But the question remains: exactly how can exhibitors and organizers make the most of the tradeshow?
We at the Hughes Group suggest a new approach: treat your booth as you would your own living room. That is to say, with warmth, selectivity, privacy, and an individualized approach.
As exhibitors, costumer outreach at a trade show traditionally involves big, bold signage meant to reach as many viewers as possible in a short window of time and space—much like a gigantic, simplistic billboard posted on a highway to attract passerby.
Unfortunately, this billboard-like approach is no longer competition for the masses of information accessible on the web and within the trade show itself.
You want to maximize your limited resources, so why not change the booth from a random highway stand to a unique destination? This way, you can guarantee a smaller number and higher quality of attendees, and in turn secure a higher ROI.
The concept of a booth as a living room means that the booth is personalized, directed at a specific audience, and utilizes face-to-face interaction over an over-simplified visual expression of your business, be it through signage or the design of the booth.
Sales are based on human interaction, and a cornerstone of human interaction is trust. No one trusts someone they don’t know—especially if the sale or product is large and complex. By making a visitor feel safe and welcome into your “living room,” rather than an anonymous passerby glancing at a billboard, you will automatically set up a context of trust. By investing in the subtle human aspect over the blunt, architectural aspects of your booth, you are creating a totally different experience. You are seeking to understand the costumer rather than build the “right” signage. You are connecting the outside attendees inside your booth, which is different than hoping to randomly attract passerby. You are making the trade show experience deeper, more focused, and purposeful.
The big shift also requires organization. Since you are treating your booth as you would your living room, you must then plan your trade show attendance just as you would a party—by inviting all of the top executives you want to be there, scheduling their individual visits and giving them your complete focus once they arrive in order to build a quality connection.

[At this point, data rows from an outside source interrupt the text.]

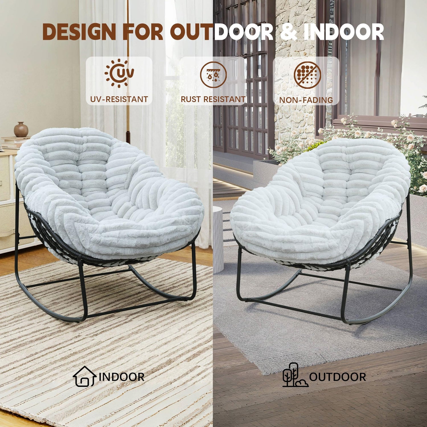 Naga Bahna Outdoor Rocking Chair, Patio Wicker Egg Chair, Indoor Comfy Oversized Papasan Chair with Padded Cushion, Royal Rattan Rocker for Front Porch, Garden, Patio (Light Grey)
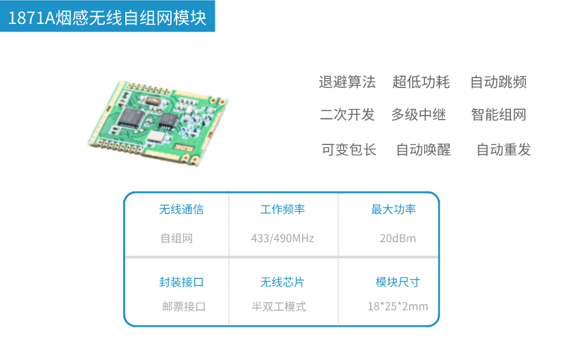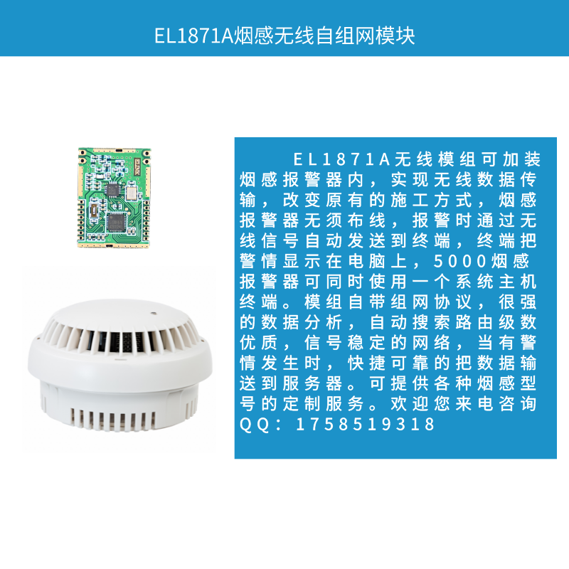 EL1871A獨(dú)立煙感無線自組網(wǎng)路由低功耗模塊模組
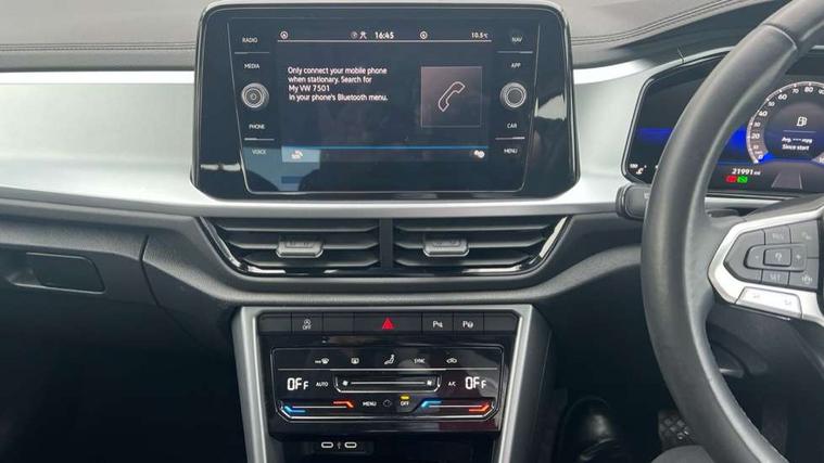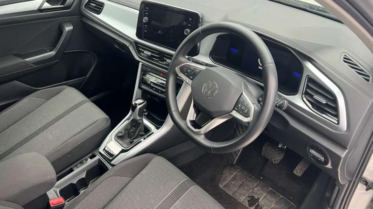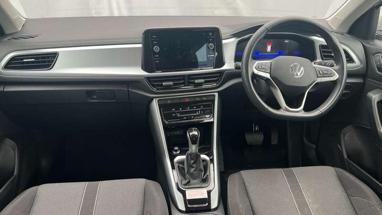 Bluetooth mobile phone interface, Driver alert system with fatigue detection, Driver tips and journey analysis, Emergency call service, Lane keeping system Lane Assist, Modified key software - reduce switch off time for key status change to Long no motion, Online services, Park assist including front and rear parking sensors, Power assisted speed sensitive steering, Service interval indicator, Tailgate/trunk lid release from outside, Think blue trainer driver tips and journey analysis, Warning sound and light for front seatbelts unfastened, Wireless app connect, Battery regeneration during braking, Front shock absorption, Rear shock absorption chassis with increased ride height, Start/stop function with battery regeneration, DAB Digital radio, Diversity antenna for FM reception, Music playback - MP3, WMA and AAC files, Premium USB cable in choice of either Apple or Android smartphone compatibility, SD card slot, Simultaneous pairing of 2 compatible mobile devices, Title and cover art display, We Connect and We Connect Plus functionality, 3rd brake light, Auto dimming interior rear view mirror, Automatic hazard lights activation under emergency braking, Automatic headlight control with LED separate daytime running lights with coming/leaving home function, Black roof rails, Body coloured bumpers and radiator grille with chrome trim and front fog lamps with chrome bezel, Body coloured exterior mirror housings and door handles, Extended roof spoiler, Exterior mirrors aspherical on driver side, convex on front passenger side, External USB type C socket and charging sockets, Front windscreen wiper with intermittent wipe and 4 position delay, Heated rear window, LED rear combination lamps, LED rear number plate lights, LED tail lamp rear comination lamps, Power windows with comfort operation and circuit breaker, Rain sensor, Rear exhaust tailpipe, Rear fog light on one side and reversing lights on both sides, Rear side wing doors, Rear wash/wipe with intermittent wipe setting, Remote electrically foldable door mirrors, puddle lights and reverse activated passenger's door mirror, 12V power socket in centre console, 3 rear head restraints, 3 seat bench in 2nd row, 4 load lashing points in luggage compartment, Air care climatronic air conditoning system with active combination filter and 2-zone temperature control, Ambient lighting with mirror logo projection, Cloth upholstery, Door and side trim panel in cloth, Drawer under drivers seat, Driver/front passenger seat height adjustment, Front centre armrest, Front comfort sports seats, Front cupholders x 2, Front reading light, Instrument lighting, white adjustable panel illumination, Interior light delay, Isofix child seat preparation, Leather gearshift handle, Load-through provision with cup holder when folded down ('Unsplit rear seat bench, split folding backrest, with centre armrest), Luggage compartment lighting, Lumbar support for driver's and front passengers seat, Non-folding front passenger seat backrest, Single front passenger seat, Storage compartment in left and right luggage area, Storage compartment in rear doors, Storage compartments in driver and front passenger doors, Sunvisors with illuminated vanity mirrors, Variable boot floor, height adjustable and removable, Driver assistance pack without proactive passenger protection - T-Roc, 3 point height adj front seatbelts + pretensioners, 3 point seatbelts in outer rear with ECE label, ABS, Child locks on rear doors, Driver and front passenger airbag with front passenger airbag deactivation, Driver and front passenger safety-optimised head restraints, Drivers seatbelt reminder, Electronic parking brake, Electronic Stability Control (ESC) inc EDL (Electronic Differential Lock) and ASR (Traction Control), Front and rear passengers curtain airbag system including front side airbags, Front assist with city emergency braking and pedestrian monitoring, Front disc brakes, Front seat side impact airbags, Hill start assist, Predictive pedestrian protection, Rear disc brakes, Single tone horn, Tyre pressure loss indicator, Volkswagen roadside assistance, Alarm with interior protection, Anti-theft alarm system with interior monitoring, backup horn, and towing protection, Remote central locking with SAFELOCK, radio remote control with 2 remote control folding keys, Pewter matt decorative inserts for intrument panel, centre console and door panels at the front, Trims for alloy wheels,

Remember that the big shift is making the trade show about relationships—the more engaging they are personally and intellectually, the more you and the attendee get out of it. No length is too great to create a real, human-to-human connection. The same old tactics have a short shelf life, whereas an emotional connection has an endless, repeated return of investment. Why not create a more valuable emotional connection between your company or product and your clients?
Imagine how differently the attendee is going to feel when they are greeted with this personalized experience, rather than mindlessly scanned in as they arrive at your booth. Why not make them feel like your booth experience was set up just for them? The likelihood they will want to do business with you is far greater.
You offer something one-of-a-kind, so the booth experience must reflect this.